The general rule is that, in mixed models, “nesting”
is not a separate statistical concept—it is only a syntactic shortcut.
What matters is the definition of the grouping factors, which in this
example are school and school:class. Random
coefficients (whatever they are) are computed across the groups defined
by these two variables.
Here things get ugly: Let us consider one of the classic multilevel design: pupils within classes within schools. In this design we have two clustering variables: class and school. In multilevel terminology, pupils are level 0, classes are level 1 with pupils nested within classes, and schools are level 2 with classes nested within schools. To be practical, let us assume we want a sample with 10 schools, each with 6 classes, and each class (on average) with 12 pupils.
First, we set the model:
y~1*1+1*x+(1*1|school/class)
Then we specify that we have 10 schools, each with 6 classes, and each class has 12 observations (pupils).

The generated data look similar to the cross-classified data:
row y x school class
1 0.456717064 -1.017673137 1 1
2 -1.495551991 0.694440645 1 1
3 -0.480543438 0.194002872 1 1
4 0.293003240 -0.116523555 1 1
5 -1.702547420 -1.203825265 1 1
6 1.014035495 0.461345298 1 1
7 -0.415440850 -0.585482460 1 1
8 -1.524924282 0.544323536 1 1
9 -0.106578314 -0.196693360 1 1
10 -0.035543818 -2.741920747 1 1
11 0.229491601 0.170131727 1 1
12 -1.909614050 -1.159812029 1 1
13 1.190966855 -0.356247480 1 2
14 -2.028748115 0.489991721 1 2
15 -1.079830560 1.315918615 1 2
16 0.099924682 -0.330729467 1 2
17 -0.075449795 -2.424778270 1 2
....
However, the estimated model is different as compared with the
cross-classified design. If one looks at the
Clusters parameters table, one finds that the clusters are
now school and school:class, which is exactly
how the model specification expands.

In terms of cluster size, we obtain the results we intended. Let’s check if the setup is correct: each school has 6 classes with 12 pupils, so within each school there are 72 observations. Within each class nested in school there are 12 pupils. But how many observations we’ll have in the sample? Well, 720, because we have 72 observations per school and we have 10 school (\(72 \cdot 10=720\)), or , equivalently, 60 classes with 12 pupils (\(60 \cdot 12=720\)). So, the data are ok.
Apparently nested desings
(Here things remain ugly, and computation gets very slow)
A good rule of thumb in mixed models is that when you are in
doubt about how the clustering variables are related, they are probably
not nested.

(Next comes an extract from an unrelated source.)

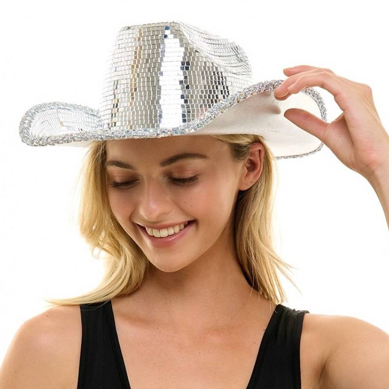 Wear this Deluxe Glass Mirror Western Hat for disco themed parties, Halloween, western parties, theatrical performances, and more.

The second rule is that if nesting (i.e
|cluster1/cluster2) does not come intuitively, things get
clearer if one explicitly thinks in terms of combinations of clusters
levels. The third rule of thumbs is: clusters defined in different
blocks ((1|cluster) being a block) are
cross-classified.
Consider the following design. We have 10 labs (LAB) (or any number you like), each lab conducts an experiment with with 20 participants (PID), each responding to 15 stimuli (SID). Thus, apparently we have a cross-classified experiment nested within labs. What this design actually means is that each level of labs has all 20 X 15 observations corresponding to the cross-classified clustering we have seen above. Thus, we do not have nesting at all, but simply a 3-way classification. Assume the experiment involves a dichotomous factor (cond) with two levels, repeated within-participants. That is, each participant respond to the 15 stimuli in two different conditions.
Now we have to think carefully: we have 10 unique labs, so each labs
requires a random intercept: (1|LAB). Than we have 20
participants for each lab, and each participant is uniquely identified
by being in a particular lab (participant 1 in lab 1 is different than
participant 1 in lab 2): (1|LAB:PID). Stimuli, however, are
not different across labs, because each lab uses the same stimuli. Thus,
we need one random intercept for each stimulus (SID), and they are not
identified by being in a particular labs. Thus: (1|SID)
To set it up, we simply need to specify 3 clustering variable, LABS, PID and SID and their variances in the model.
y~1*1+1*cond+(1*1|LAB)+(1*1|LAB:PID)+(1*1|SID)
Now we focus on clusters size. We have 10 labs, each labs is
“measured” once (there is only one experiment per lab). Thus
# Cluster levels=10 and N per cluster=1. We
have 20 participants, each participant sees the stimuli 2 times (one per
condition), so we have # Cluster levels=20 and
N per cluster=2. Finally, we have 15 stimuli, each stimulus
has one replication (one version), so # Cluster levels=15
and N per cluster=1.

This is the resulting sample structure (first rows of the generated dataset):

`…
It is clear that each lab has all PID (here not visible) and each
participants sees each stimuli twice, in cond=1 and cond=2. To
appreciate the full sample characteristics we can look at the
Clusters structure table:

Each participant, identified by the combination LAB:PID
has 30 observations, because it sees 15 stimuli twice. Each stimulus is
seen by 20 participant twice in 10 labs, so each stimulus has 400
observations. Within each lab, however, the experiment implies \(20 \cdot 15\) observations, so each lab has
600 observations. Finally, the 600 observations per lab, summed across
10 labs, yields 6000 observations in total.
Understanding the output design
In all the examples above we set the clusters parameters
(# Cluster Levels (k) and N per cluster (n))
because we focused on understanding how the different parameters yild a
given sample structure. Let’s try now to change the aim of the analysis
to aim:N and Find: Number of cluster levels.
For simplicity, let us assume that we are looking for the minimum number
of labs (LAB) required to obtain a power of at least .90. To
replicate the simulations, let set the Residual
Variance parameter to 500 and use raw approximation
as the finding algorithm.
Running the analysis with these parameters, one obtain (with a small
variability) a Cluster Levels (k) equal to 9. So, given all
the other parameters, we need 9 labs to get at least a power of .90.
Let’s see what the structure of the data is.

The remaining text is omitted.